*** Exercise data Section Begins ***

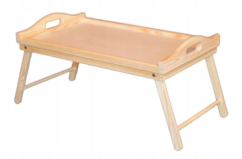 Большой деревянный поднос. Изготовлен из древесины сосны, столешница из фанеры. В сложенном виде его можно использовать как обычный поднос. Полезно на любой кухне, но идеально подойдет в качестве стола для завтрака и под ноутбуком.
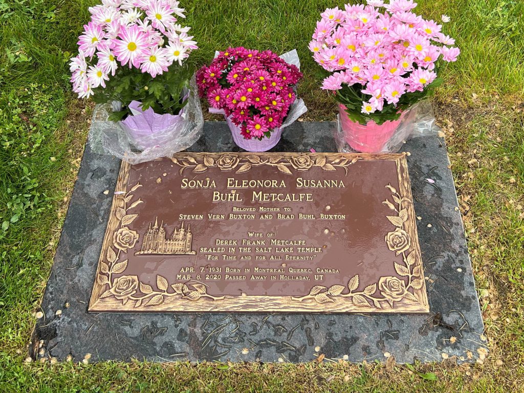 ‘Sonja Eleonora Susanna Buhl Metcalfe beloved mother to Steven Vern Buxton and Brad Buhl Buxton; Wife of: Derek Frank Metcalfe; Sealed in the Salt Lake Temple “For Time and For All Eternity”; Apr. 7, 1931 born in Montreal Quebec, Canada; Mar. 8, 2020 passed away in Holladay, UT’
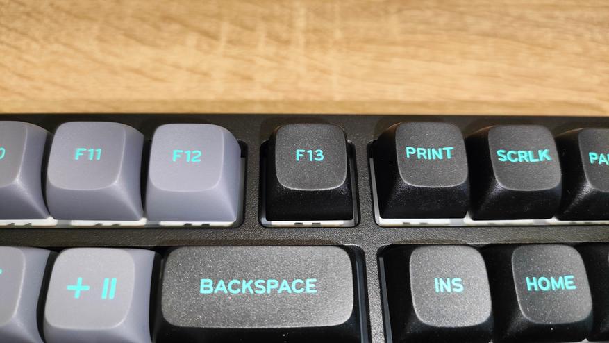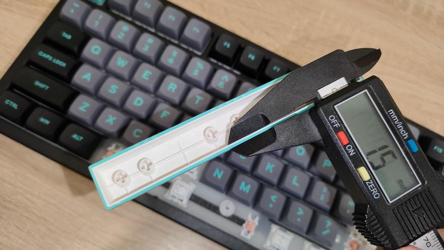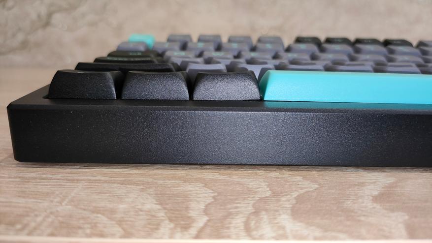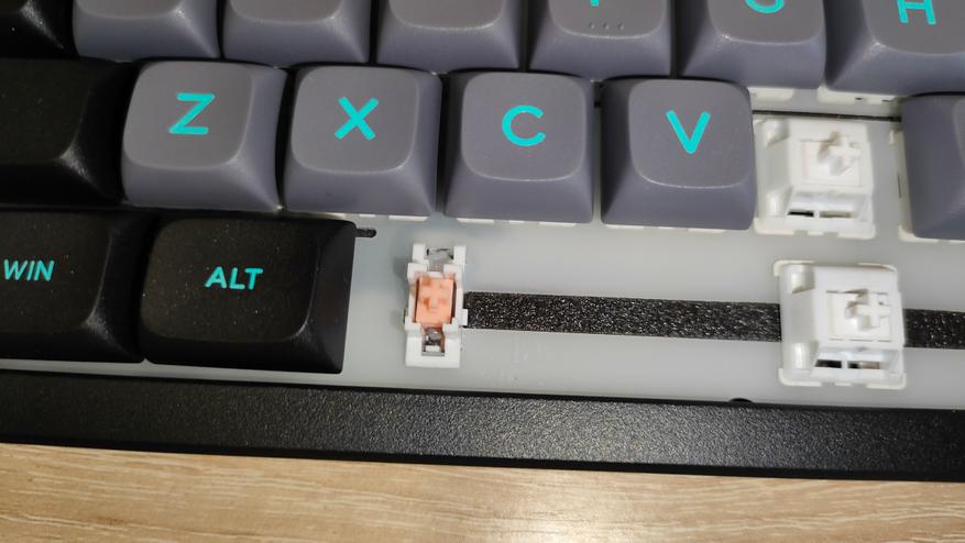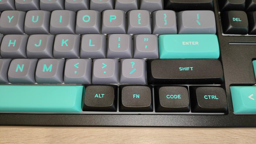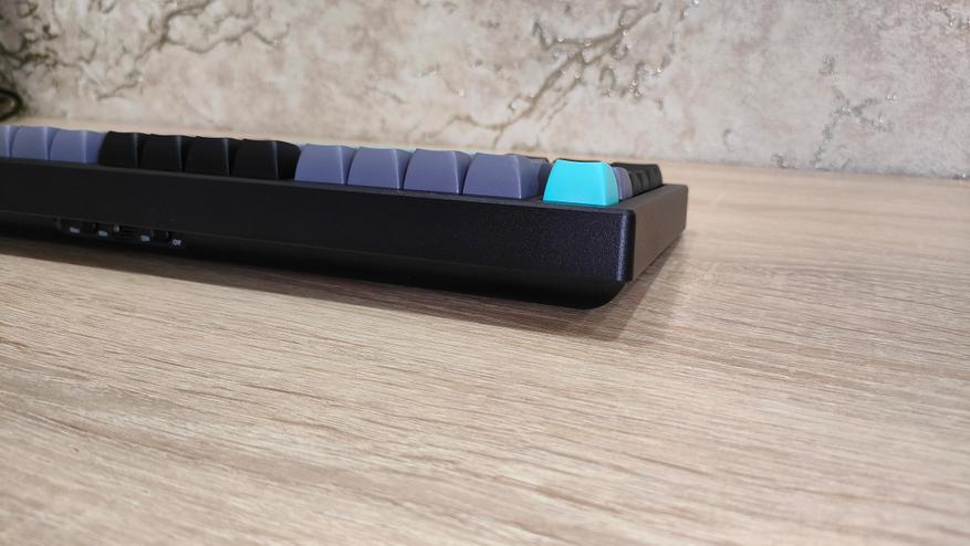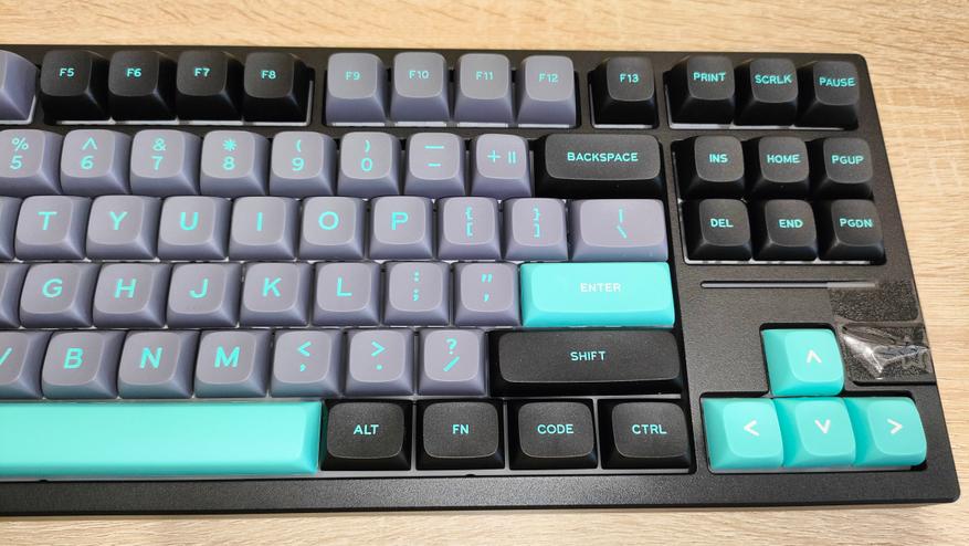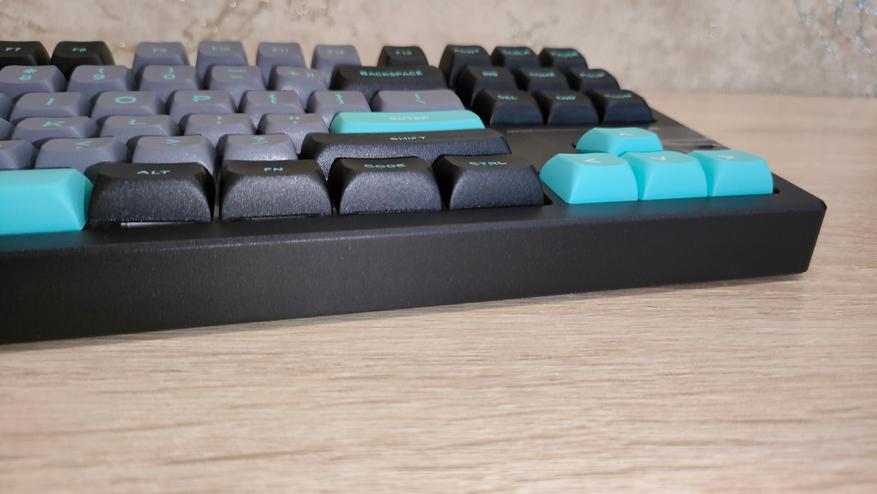 Профиль колпачков MDA, что современно, модно, молодежно и в целом есть любители именно *DA подобных профилей. Я всеядный и особо не привязываюсь к чему-либо. Формат клавиатуры TKL, с широкими шифтами и одноэтажным Enter. Многие на этом этапе фыркнут еще раз (ведь кириллицы тоже нет). А теперь об интересном, во-первых, Enter не стоял на своем месте и левой стороной не заходил в стабилизатор. Это небольшой дефект литья, я чуть поправил скальпелем и все встало на свои места. А еще если посмотреть на левый Alt, можно увидеть, что он стоит криво, у него крен на левый борт. Фактически, после исправления первого дефекта, по сути, остальное уже больше придирки, не все будут высматривать с линейками какие-то проблемы, просто поставят на стол и вперед, работать.

*** Exercise data Section Ends ***

■ **Problem to solve**
Emit an exact copy of the lines from the line bearing "in Holladay, UT’" through the last line above, inclusive, and leave the images out.

■ **Final answer**
 ‘Sonja Eleonora Susanna Buhl Metcalfe beloved mother to Steven Vern Buxton and Brad Buhl Buxton; Wife of: Derek Frank Metcalfe; Sealed in the Salt Lake Temple “For Time and For All Eternity”; Apr. 7, 1931 born in Montreal Quebec, Canada; Mar. 8, 2020 passed away in Holladay, UT’
 Профиль колпачков MDA, что современно, модно, молодежно и в целом есть любители именно *DA подобных профилей. Я всеядный и особо не привязываюсь к чему-либо. Формат клавиатуры TKL, с широкими шифтами и одноэтажным Enter. Многие на этом этапе фыркнут еще раз (ведь кириллицы тоже нет). А теперь об интересном, во-первых, Enter не стоял на своем месте и левой стороной не заходил в стабилизатор. Это небольшой дефект литья, я чуть поправил скальпелем и все встало на свои места. А еще если посмотреть на левый Alt, можно увидеть, что он стоит криво, у него крен на левый борт. Фактически, после исправления первого дефекта, по сути, остальное уже больше придирки, не все будут высматривать с линейками какие-то проблемы, просто поставят на стол и вперед, работать.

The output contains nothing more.